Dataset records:
BEGIN

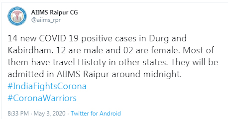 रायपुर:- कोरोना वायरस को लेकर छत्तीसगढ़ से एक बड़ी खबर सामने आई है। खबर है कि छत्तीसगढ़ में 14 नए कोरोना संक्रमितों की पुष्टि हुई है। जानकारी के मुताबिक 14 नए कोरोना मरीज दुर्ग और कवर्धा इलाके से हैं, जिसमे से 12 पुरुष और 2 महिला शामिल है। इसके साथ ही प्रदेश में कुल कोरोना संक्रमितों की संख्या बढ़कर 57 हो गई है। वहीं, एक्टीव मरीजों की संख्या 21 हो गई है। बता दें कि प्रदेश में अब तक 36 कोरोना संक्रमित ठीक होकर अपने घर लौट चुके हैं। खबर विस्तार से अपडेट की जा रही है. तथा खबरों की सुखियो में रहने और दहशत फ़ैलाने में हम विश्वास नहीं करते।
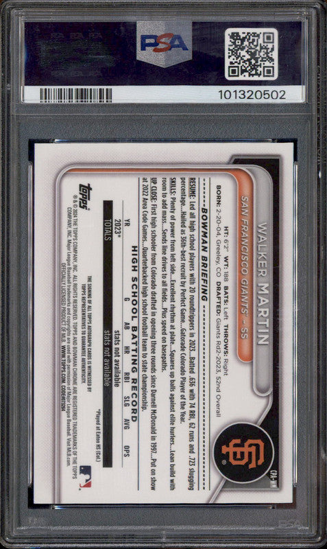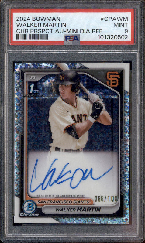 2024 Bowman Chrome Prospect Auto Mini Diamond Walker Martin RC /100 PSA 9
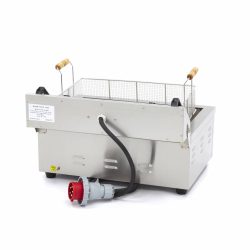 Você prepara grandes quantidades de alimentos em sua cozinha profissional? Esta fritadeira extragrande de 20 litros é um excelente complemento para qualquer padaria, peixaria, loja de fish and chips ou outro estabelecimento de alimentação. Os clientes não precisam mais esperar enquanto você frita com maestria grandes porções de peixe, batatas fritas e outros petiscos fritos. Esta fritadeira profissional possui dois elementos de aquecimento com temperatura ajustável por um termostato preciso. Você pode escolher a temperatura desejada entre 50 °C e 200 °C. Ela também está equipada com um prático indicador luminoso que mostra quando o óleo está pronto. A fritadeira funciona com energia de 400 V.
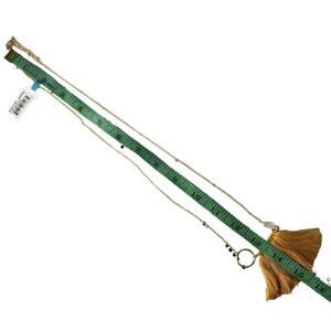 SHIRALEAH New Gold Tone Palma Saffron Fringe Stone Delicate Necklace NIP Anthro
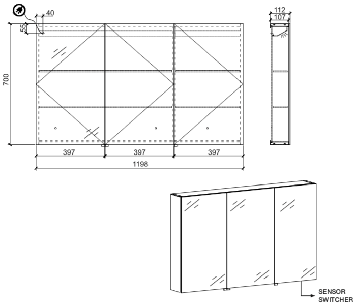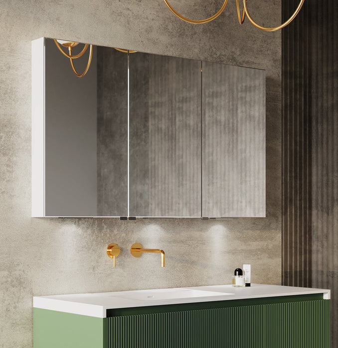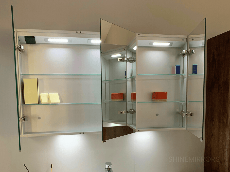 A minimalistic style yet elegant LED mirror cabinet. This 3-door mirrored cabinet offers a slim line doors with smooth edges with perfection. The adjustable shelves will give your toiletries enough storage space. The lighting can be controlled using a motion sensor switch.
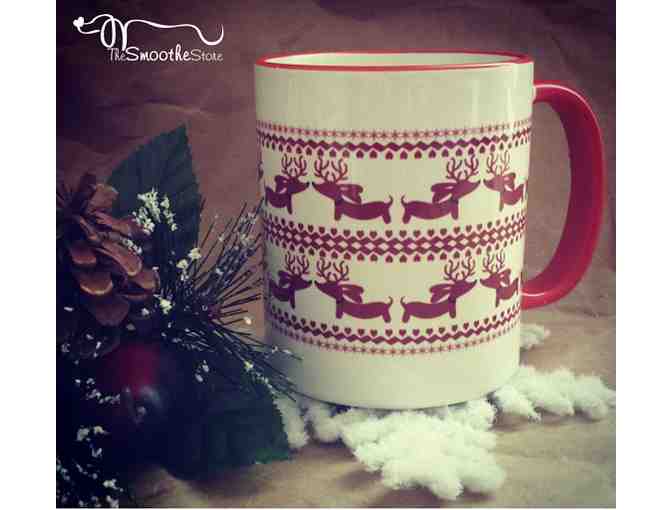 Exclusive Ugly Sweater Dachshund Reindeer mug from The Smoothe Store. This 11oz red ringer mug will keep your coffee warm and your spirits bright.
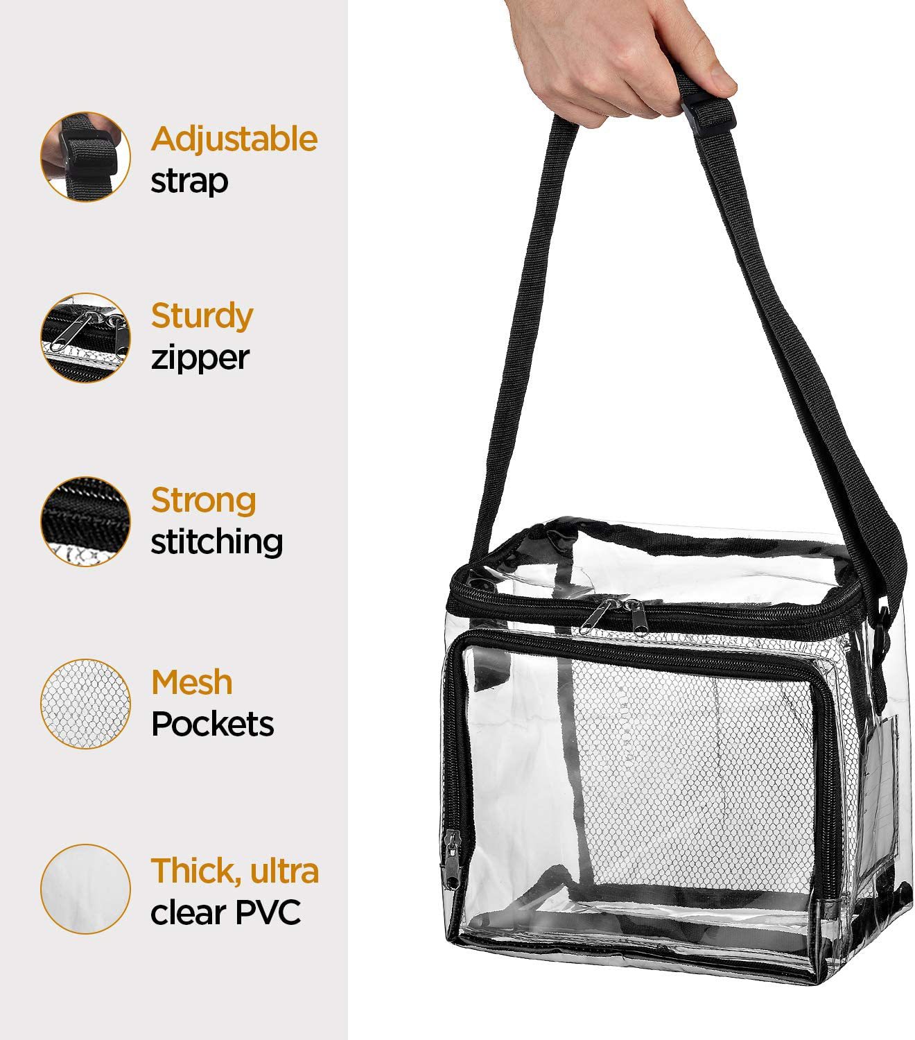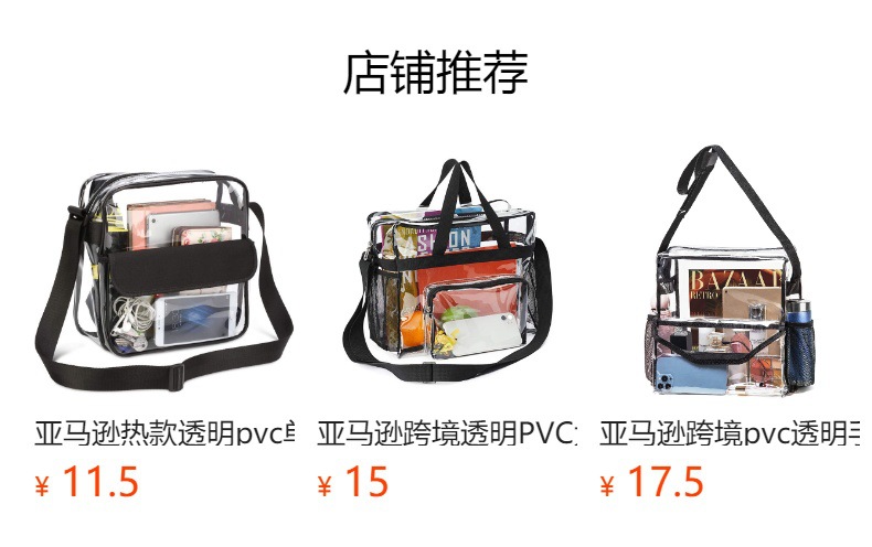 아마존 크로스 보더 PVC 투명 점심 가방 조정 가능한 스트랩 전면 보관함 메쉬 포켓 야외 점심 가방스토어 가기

END

** What you should do **
Lines from the one with "SHIRALEAH New Gold" through the final line of the records are the whole answer; print them exactly, minus any pictures.

** Solution to this problem **
 SHIRALEAH New Gold Tone Palma Saffron Fringe Stone Delicate Necklace NIP Anthro
 A minimalistic style yet elegant LED mirror cabinet. This 3-door mirrored cabinet offers a slim line doors with smooth edges with perfection. The adjustable shelves will give your toiletries enough storage space. The lighting can be controlled using a motion sensor switch.
 Exclusive Ugly Sweater Dachshund Reindeer mug from The Smoothe Store. This 11oz red ringer mug will keep your coffee warm and your spirits bright.
 아마존 크로스 보더 PVC 투명 점심 가방 조정 가능한 스트랩 전면 보관함 메쉬 포켓 야외 점심 가방스토어 가기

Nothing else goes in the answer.